I remember my mom pleading with my dad to stop.
One time she called out, “That’s enough! He’s got a test tomorrow.” This was about Bobby. “What? He has a test tomorrow?! Why didn’t you tell me that?”
Sigh. This is difficult to write about as an adult reflecting back.
My kid brain – and probably survival instinct – caught that the existence of a test the next day would possibly reduce or remove the risk of an ass beating. I made quick mental note of that. And was extremely grateful for the beating to be over, and I was so relieved for Bobby.
He had a look on his face that I won’t forget. As he limped away, red faced, tear soaked, his face did not hold relief of any kind.
He was broken.
My adult brain – ugh, so much. We really should have mandatory emotional fitness tests before anyone is allowed to attempt to be a parent.
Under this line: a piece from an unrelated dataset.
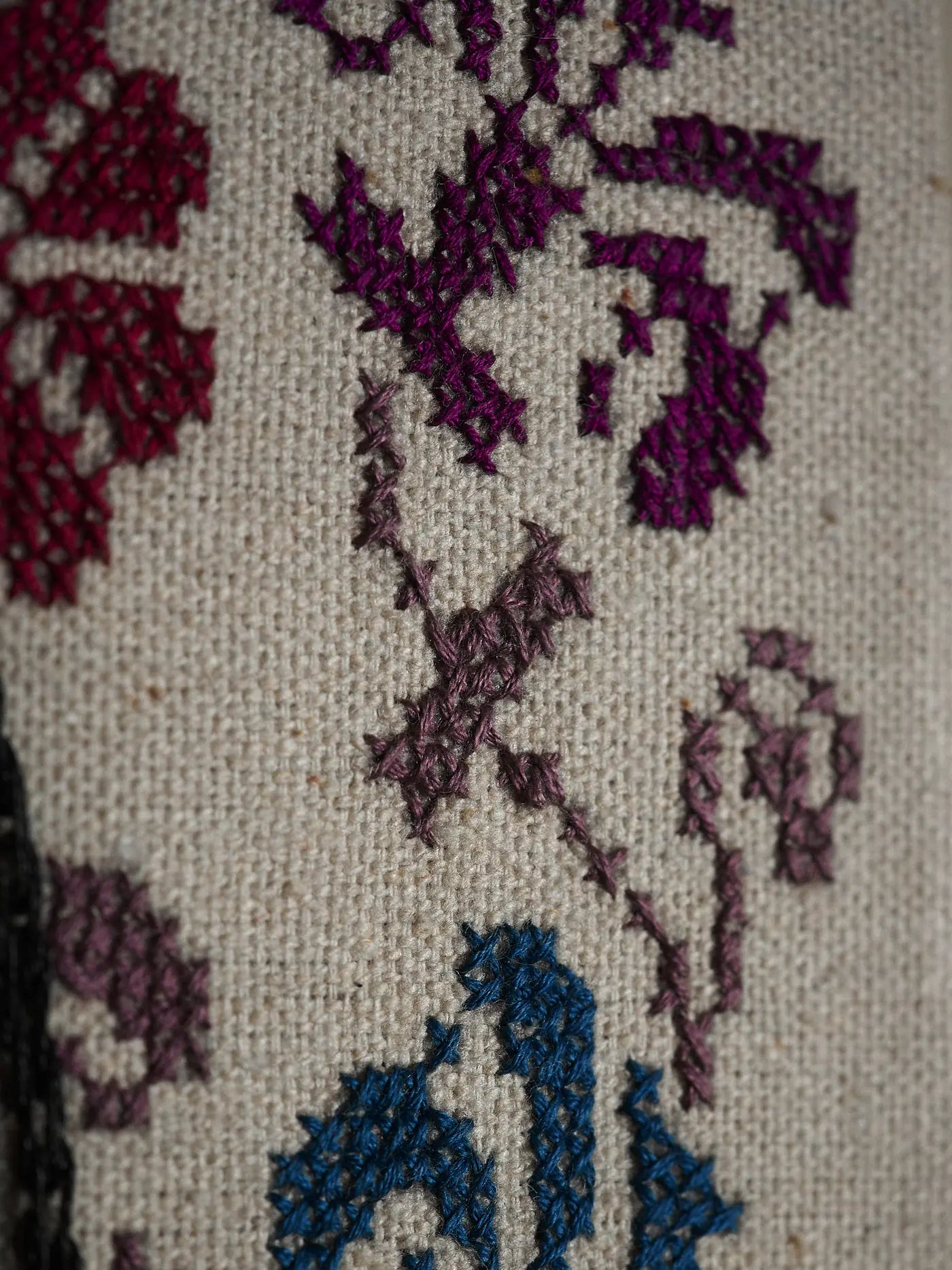 Hand-stitched Palestinian Tatreez (embroidery) on stretched canvas. Our artworks are made to order, please give a time of 1-3 months for the portrait to be completed as they are hand stitched by us.

How did the presence of a scheduled test eclipse the weight and psychological damage that was inflicted on a child?
There were a few occasions where I volunteered myself as the whipping boy:
- Somebody colored in this monochrome art thing of my mom’s with green. It was a carved portrait of like these old western dudes.
How I said I did it: I’ve never been quick with the critical thinking skills. It was green. The first thing I could think of was this green stamp thing that I got out of a cereal box recently. I offered that as my weapon of choice.
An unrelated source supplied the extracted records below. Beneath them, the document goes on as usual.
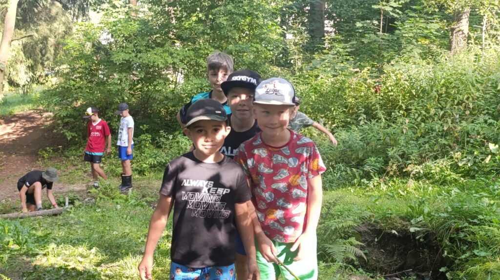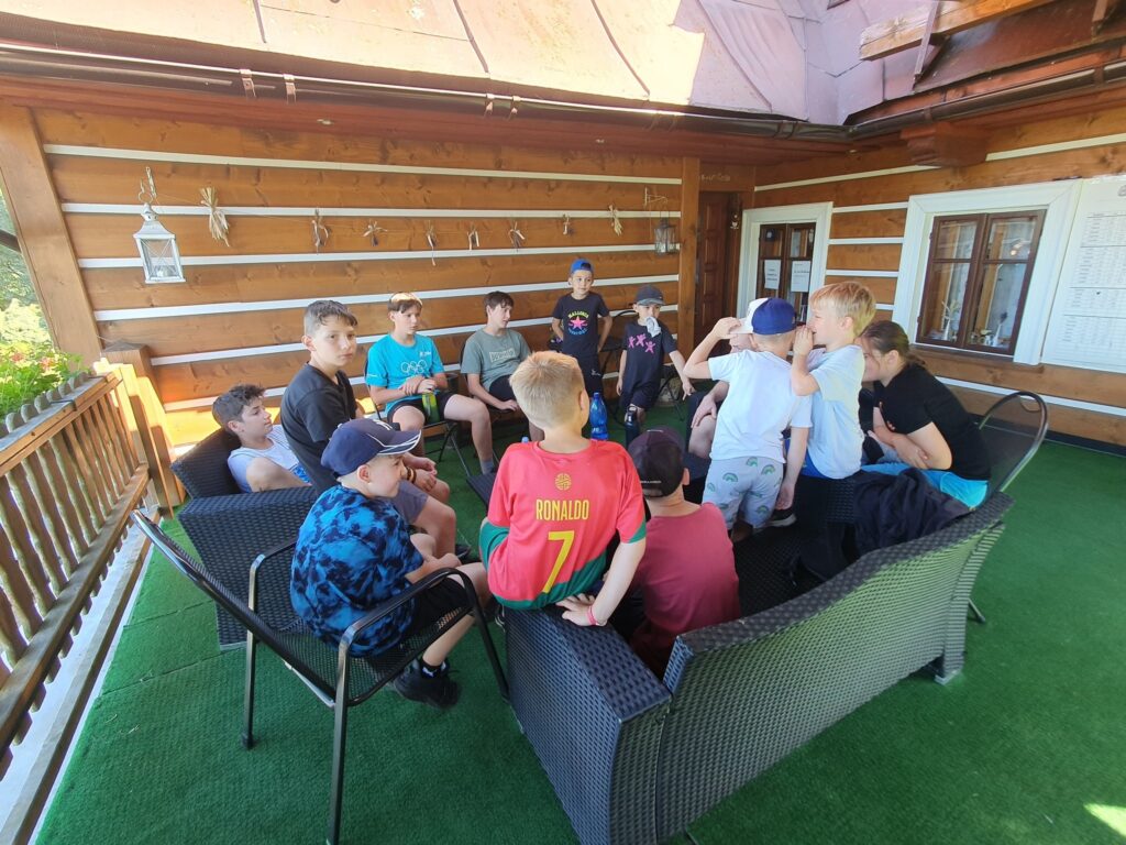 Po bazénu obídek…a pak? Ticho Spí celý Penzion Dobře, chápeme… Odpoledne už musí být odpočinkové. Takže po siestě si mladší splní zkoušky z odborností a starší jdou pro dříví na táborák. Pak chvilku pohrát u potoka a jdeme péct buřtíky a Marshmallouny Posezení u ohně, písničky a povídání ukončí náš 5.den… Dobrou noc
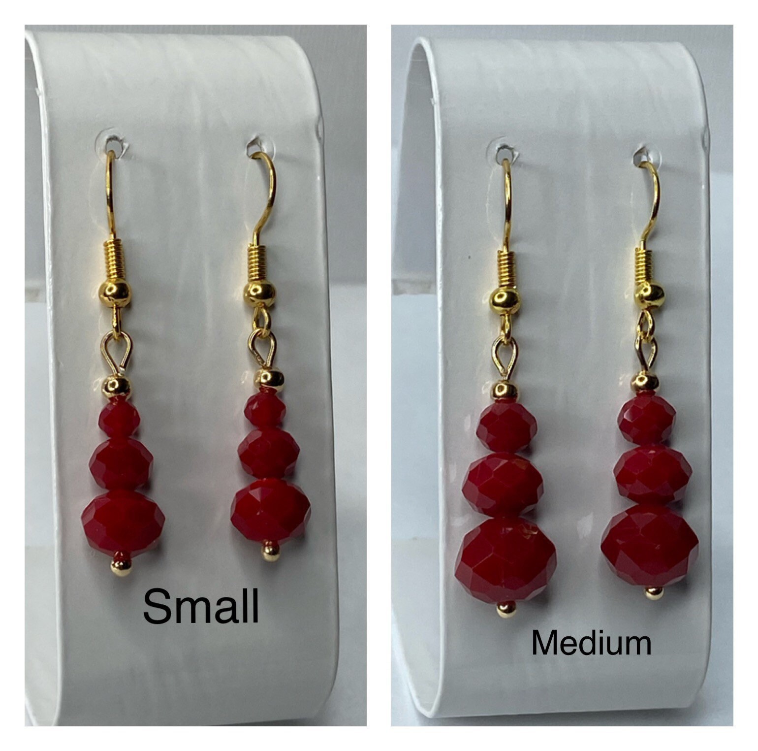 The small earrings dangle to about 1.25 inch and the medium ones dangle to 1.50 inches.
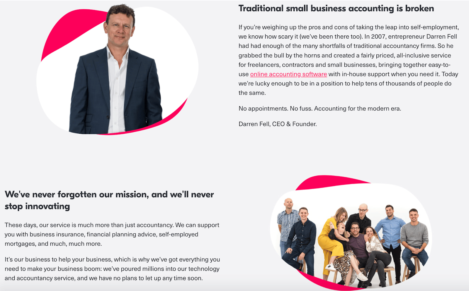 On their website, it says: “...entrepreneur Darren Fell had had enough of the many shortfalls of traditional accountancy firms. So he grabbed the bull by the horns and created a fairly priced, all-inclusive service for freelancers, contractors and small businesses, bringing together easy-to-use online accounting software with in-house support when you need it. Today we’re lucky enough to be in a position to help tens of thousands of people do the same. No appointments. No fuss. Accounting for the modern era.”
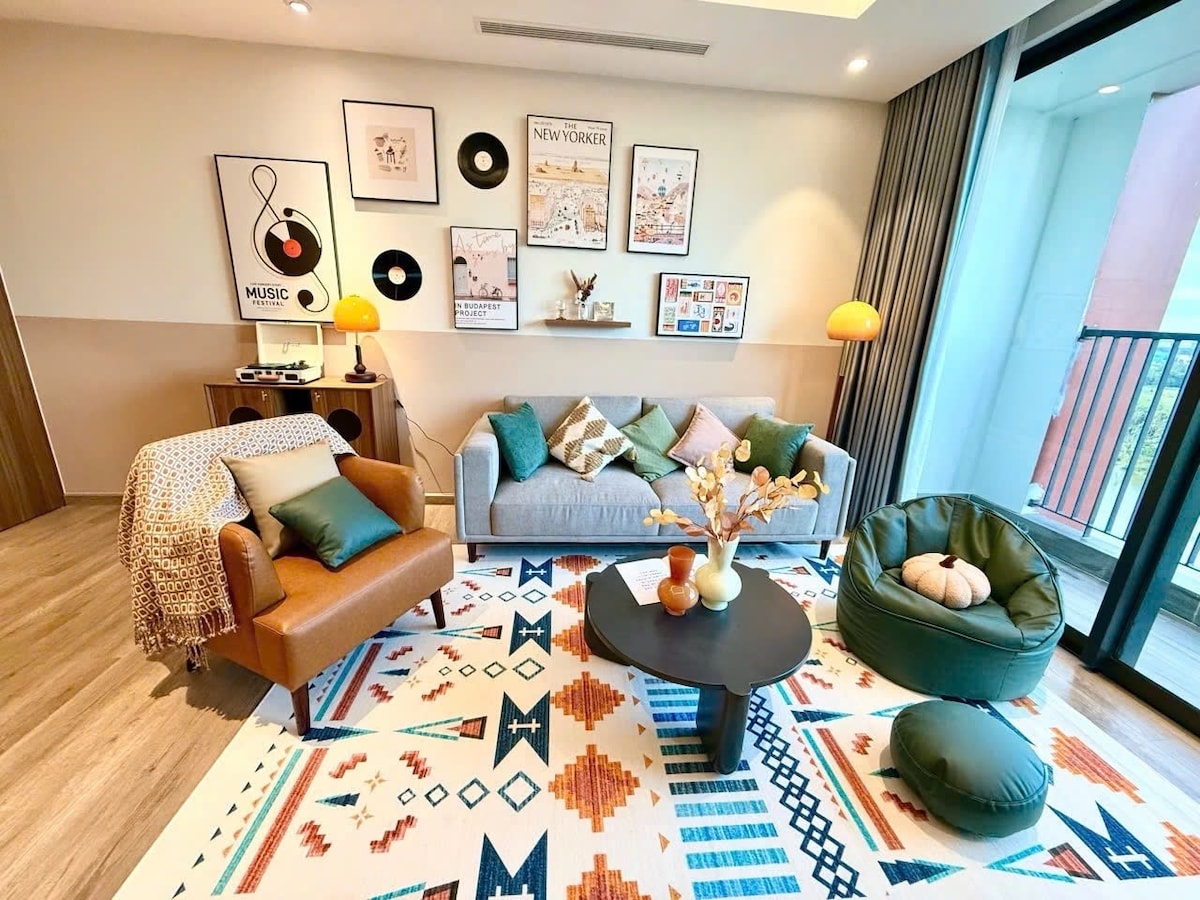 スワンレイクのそば、エコパーク中心部・R2の3階にあるファームハウス風デュプレックスへようこそ!理想的な立地で徒歩移動も便利。1ベッドルーム+ソファベッド、浴槽付きのバスルームを含む2バスルーム。4人家族やカップルに最適。設備充実:80インチプロジェクター、43インチTV、Harman Kardonスピーカー、キッチン、電子レンジ、洗濯機、緑のバルコニー、Wi-Fi、作業スペース。

Super oddly enough, that seemed to make things worse for my situation, and offering a marker would have seemed like a lot less creative and intentional way to destroy something that someone else loves.
I still don’t know who did this!!!
- Frank and I were playing video games in his room and Bobby tried to get in. I don’t know why except that we are just dicks and did not want to let him in to play video games also. I think he ended up picking the lock and trying to force his way in, with Frank on the other side of the door forcing it shut. Well Bobby managed to get his hand in the door, and you can imagine the force of his older brother’s weight plus the rough/unfinished wood door against bare skin. There was blood.
How I did it: I mean look at me, I’m an 8 year old little girl. I hold the strength of a ten men. Obviously. I don’t remember what I offered exactly, besides that Frank had absolutely nothing to do with it.
- Somebody covered the bathroom ceiling with spitballs. We were dragged out of our beds at what seemed like the middle of the night with the demand, “Who did this???” Seeing no end in sight, “It was me.”
How I did it: I had never made spitballs before. So again I was left to my imagination. I explained in great detail, how I wadded up little pieces of toilet paper, dragged a stool from the kitchen in to the bathroom, and meticulously placed each one on the ceiling. “But how did they get stuck there? Did you wet them down first?” Oh. Good thinking. I added that after balling them up, I ran the under the bathroom faucet first to get them wet. “Why would you do that?”
“I don’t know.”
It is making me laugh a little bit thinking about this in hindsight – did my parents thing I was just this little monster? This shitty little person just running around destroying their stuff just because I could but never knowing or being able to offer a good reason why?
In reality I was just a kid who wanted to get on with my life, extremely lacking in imagination (or maybe over imaginative) and the ability to think more quickly on my feet.
I knew that no matter how this was going to end, somebody was going to get their ass beat before we could proceed with life and living. It might as well be me.
Back to the greater scale of reality: what I needed from my parents was for them to see in themselves that they were out of control when they were angry. And I needed them to protect us from that unbridled state of mind. And I needed them to understand their triggers and to be intentional about avoiding them because they loved us and cared about us more than than whatever the hell it was they were going through.